Mostly I look at current trends of what seems saleable. But I also don’t let that restrict me. If I feel inspired to shoot a particular theme that’s not currently very popular, I’ll still do it anyway. Chances are, those images will become useful along the way and it always proves to be true.
I’d much rather shoot something that I feel inspired to do than just shoot whats “commercially” useful. The end result is always much better when you are passionate and self driven to capture it.
Could you take us from start to finish of producing one of your top photographs?
One of my top photographs is a photo of my friend walking along a misty gravel road. We just decided one morning to go out and shoot some portraits for fun. We went to a farm area not too far from where I stay in Cape Town at about 5 AM in the morning. We weren’t aware that a heavy mist had settled there that morning and it ended up creating an awesome atmosphere. We shot and drove around for a bit. As soon as I got home I started transferring and selecting my favorites with Adobe Bridge. I then edited them in Camera RAW to enhance the colors and bring back some of the details that the mist washed out and then exported for upload. It’s one of my favorite spontaneous shoots and has been one of my most successful photos.
Do you have a favourite photograph, and if so, what’s the story behind it?
I have many favorite photos. But one of the highlights would be a photo of myself and my fiance under a tree. It was the day I asked her to officially be my girlfriend. I took her to a secluded mountain pass in Ceres and we had a picnic near a river stream. That photo is also our first kiss.
I wouldnt say its my most technically correct photo but the moment that it represents is a significant and special one and that’s what photography is to me, the immortalization of memories.
I put the camera in a tree and just let it remotely capture with wifi tethering on my phone.
What are some of your most hard learned lessons about stock photography?
The hardest is learning to just continue doing it even if at first there are no results.
Stock photography is a flooded market and if you expect to gain sales instantly you will be disappointed. It takes practice and consistency to move forward with it.
What are your thoughts on the future of stock photography?
As the world moves more and more into the digital sphere, I think stock photography will still be a major source of providing unique imagery for a long time to come. The convenience of not needing to hire a photographer for a special concept but just purchasing it online is a big time and money saver to businesses and content creators.
Photographers who have the ability to capture moments and provide a visual expression to common concepts will keep this industry thriving.
Where is your creativity taking you next and what can we expect to see in your portfolio?
I have always made the most of where I am at and used my environment to see things in new ways. My hope is to continue growing my portfolio by adding more diverse people into it as well as more international locations.
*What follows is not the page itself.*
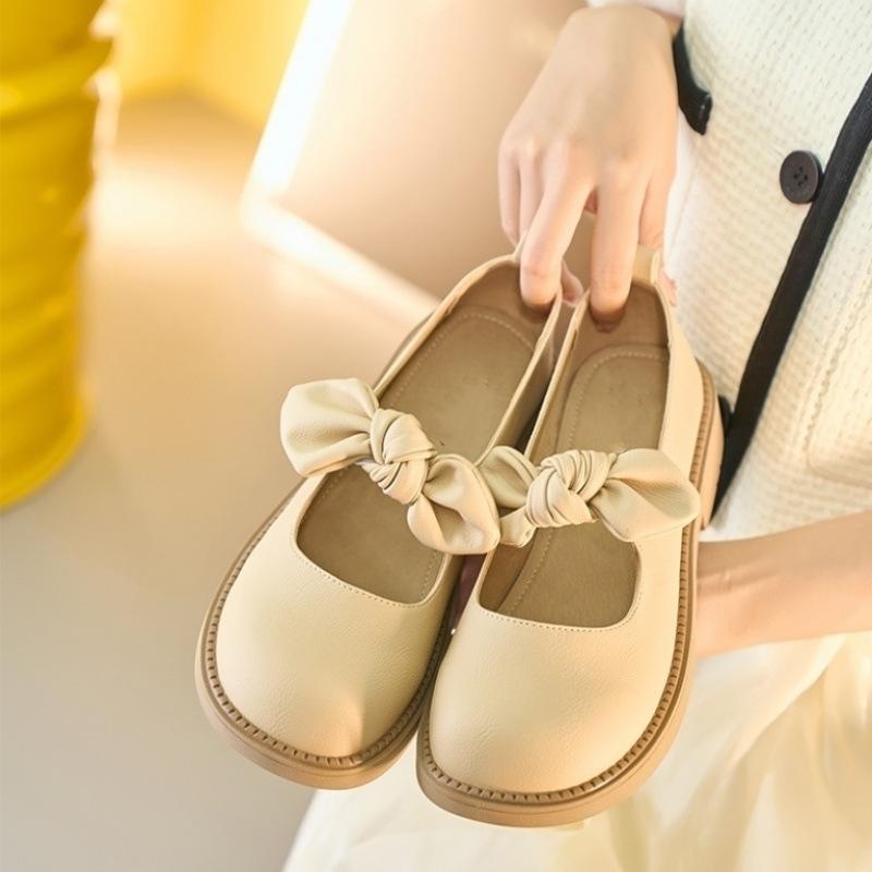Японские маленькие кожаные туфли женские весенние и летние универсальные мягкие подошвы с одной педалью французские банты Мэри Джейн одинарные туфли

I plan to build a portfolio that appeals to a world wide audience and to achieve that, that I’d like to shoot many cultures all over the world.
Your #1 tip or words of wisdom:
Most importantly I would say – just do it. There will always be hundreds of reasons to not pursue something. If you enjoy it and are passionate about it, then do it. Those passions and desires are instilled in you for a reason. You will not be good at it at first (I certainly wasn’t) but if you continue to practice and just have fun, it grows and develops. The difference between successful photographers and those that don’t make it, is that the former use the challenges to motivate them forwards and not stop.